The sequence of events that took place just before this screen grab were important. Villa, once again, attempted a straight chip pass which Agger, Enrique and finally Gerrard failed to clear in 3 attempts. That failure to clear led to to flicked headers by Villa players putting Benteke clean through with the keeper for a volley opportunity.

It was arguably Villa’s best chance during Liverpool’s spell of defensive shelling and that chance came through poor defending and a sequence of failed clearances which led to the giveaway.


Final Thoughts

Liverpool’s defensive shell was effective. It gave up a high number of shots, but most of them were from distance or had to find their way through numerous defensive bodies. This is what a defensive shell does, it gives up the ghost in terms of possession-based attacking play and focuses on reducing the quality of opposition chances. The reduction in quality of Villa’s chances may be evident in the low number of their 16 shots that were on target.

Liverpool’s shell worked, although they were a little too deep at times, which may have led to some of the fatigue and errors that gifted Villa some good quality scoring chances.

Oh, and Liverpool, when shelling, need to offer way more counter attacking threat than they did.
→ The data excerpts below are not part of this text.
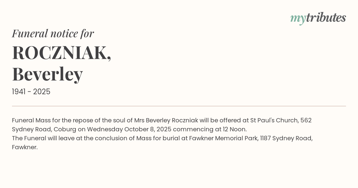 Funeral Mass for the repose of the soul of Mrs Beverley Roczniak will be offered at St Paul's Church, 562 Sydney Road, Coburg on Wednesday October 8, 2025 commencing at 12 Noon.
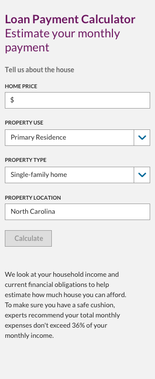IA over 9 months. Worked with product owners, content strategists, visual designers, marketing, third parties, and mobile/web/backend development. Led user research and testing, designed all three calculators, collaborated closely with visual designers and content strategists.
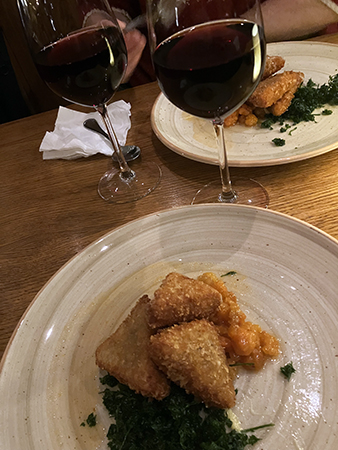 Friterad Västerbottenost och rödvin på Zum Franziskaners bakficka
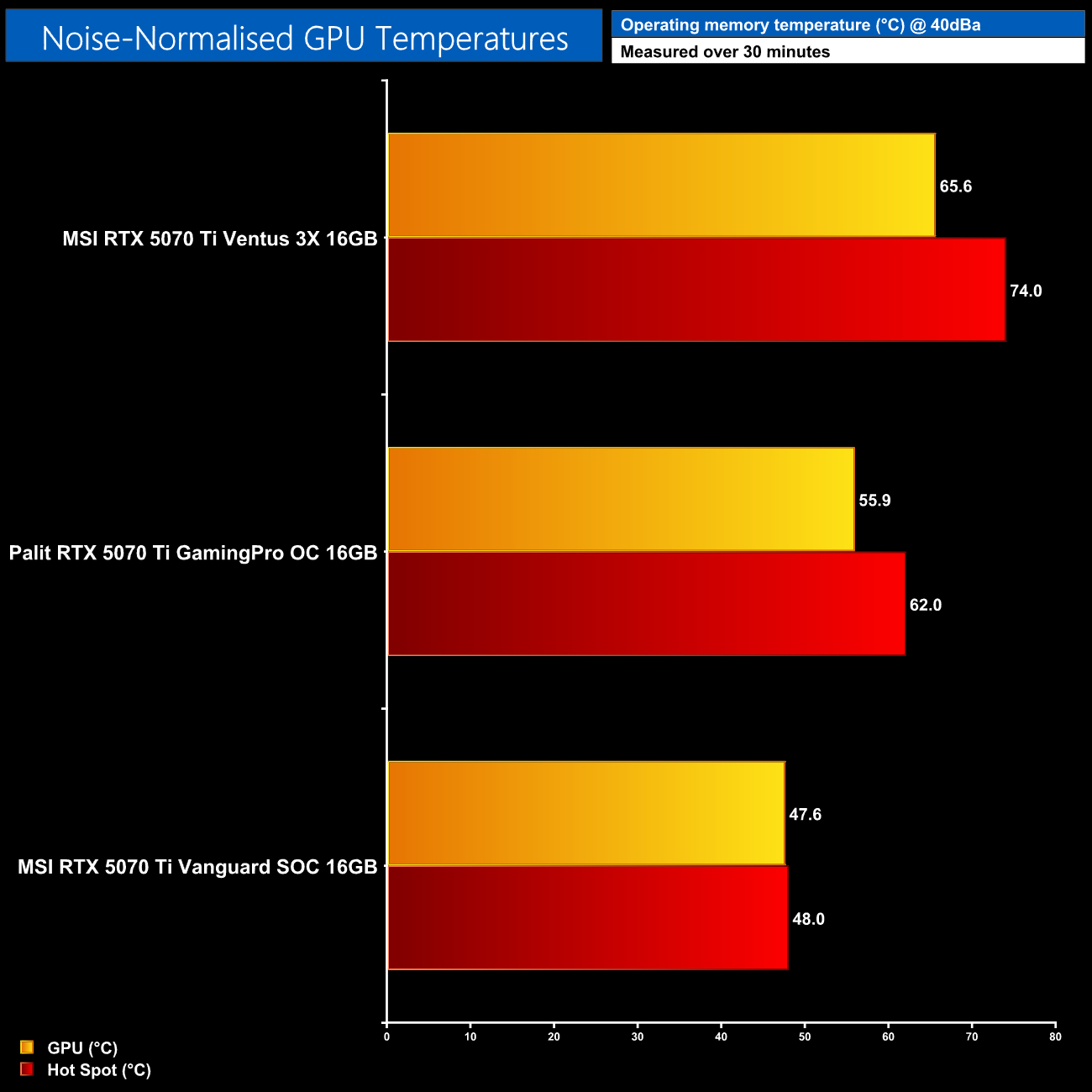 Following on from our stock thermal and acoustic testing, here we re-test the operating temperature of the GPU, but with noise levels normalised to 40dBa. This allows us to measure the efficiency of the overall cooling solution as varying noise levels as a result of more aggressive fan curves are no longer a factor.
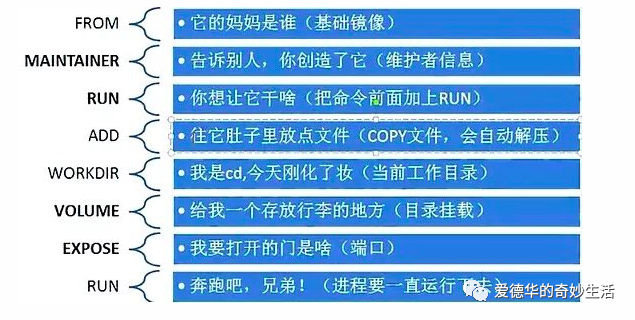 通过这个脚本可以生成镜像,镜像是一层一层的,脚本一个个的命令,每个命令都是一层
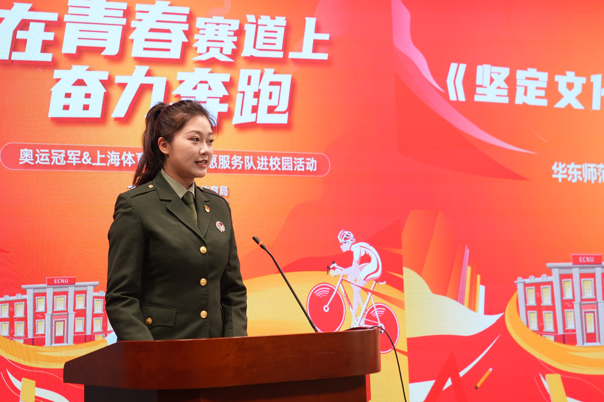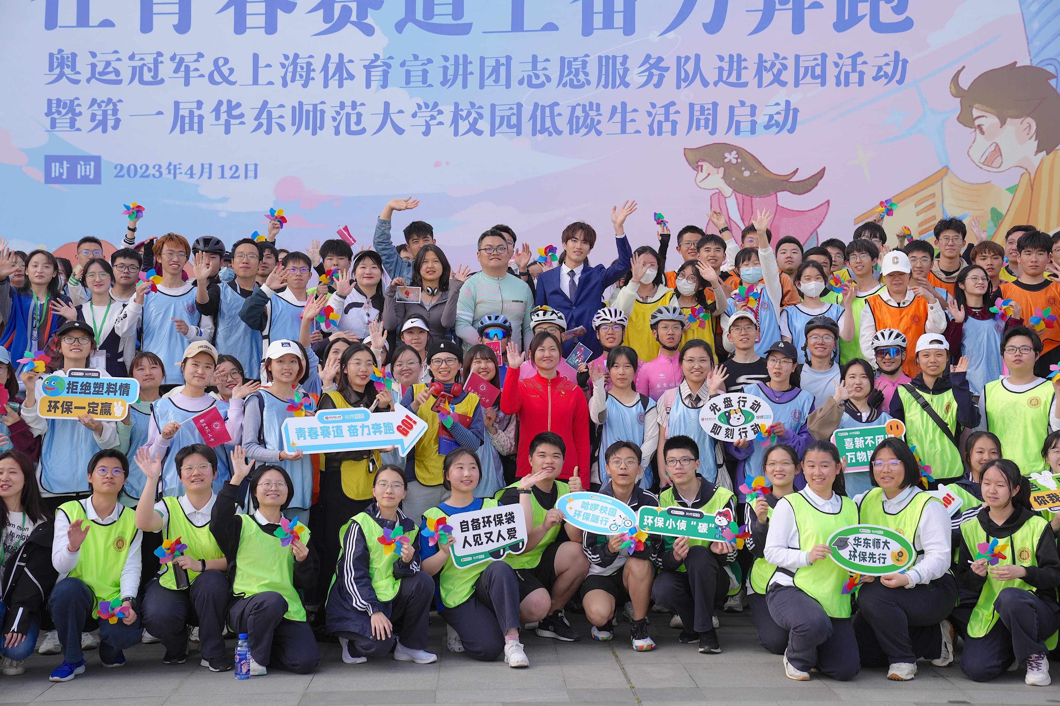上海市体育局与3245澳门新莆京共同主办的“在青春赛道上奋力奔跑——奥运冠军&上海体育宣讲团志愿服务队进校园活动”4月12日在华东师大闵行校区举行。党的二十大代表、奥运冠军钟天使进校宣讲,与师大学子一同学习党的二十大精神,并与百人骑行团环骑师大校园,感受师大春意。
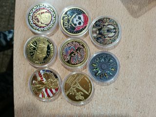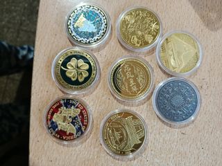 Collezione di 8 nuove monete commemorative, tutte in perfetto stato. Design dettagliato con motivi vari. Finitura metallica di alta qualità. Include custodie protettive individuali.

A better team than Villa would have overwhelmed this error-prone Liverpool shell with their skill and speed of ball movement. A hub player like Suarez will help with the counter attacking threat.

  • Tartaruga Jones

    I think Liverpool got lucky. The Benteke shot was a clear chance which he should have buried and was far easier than the one that Sturridge did score. That’s the trouble with using the result in a particular match to demonstrate the efficacy of the tactic.

    The over all observation that the chasing team gets a boost to their goal rate while the leading team gets a reduction in their’s is obviously a correct one. It is a step on from that to assume this is a deliberate “Defensive Shell” tactic. In some cases it may be, but I think you probably have to demonstrate this as a trait of a particular team over a prolonged period over and above a side that typically doesn’t do this. Even then you have to show why it isn’t simply a case of psychology, i.e. some kind of risk aversion effect whereby we’re more scared of losing what we have than what we haven’t (we have the lead/we don’t have the lead.). To do this I think you’d probably have to look across a variety of sports and see if it’s a repeated phenomenon. If, as I suspect is the case, there is a risk effect at play, it doesn’t invalidate the “Shell defence” theory, but you’d need to strip out the risk effect before making the case for the tactic.

  • Toshack

    Thanks for an interesting analysis Ben,

    In the Stoke game Liverpool couldn’t respond well enough to the changes in tactics made by Hughes, either in energy, counter attacking or changes in personnel and went into a kind of shell mode. They struggled a bit (even though the penalty was not a consequence of the shelling), but managed to hold out.

    I’ve only seen the highlights of the Villa game, but heard that one factor Liverpool started to defend was that Villa was simply playing well. Rodgers has so far a track record of dubious in-game-changes to counter changes made by the opposition and maybe that was true in the villa game as well, even though bringing in Allen was more useful than bringing in Sterling in the Stoke game.
    As you note, no matter the reason Liverpool goes into shell mode, their interaction between the two banks still needs fine tuning (secondary balls needs winning) and aerospace strength is a problem from set prices.

    I haven’t thought about the counter attack ability, I’m just a bit surprised that with the speed in legs and head of Sturridge, Coutinho and Aspas and the ability by Gerrard to make both medium and long passes accurately this is a problem. Perhaps they focus too much on shelling and sink too deep and then cannot get forward fast enough?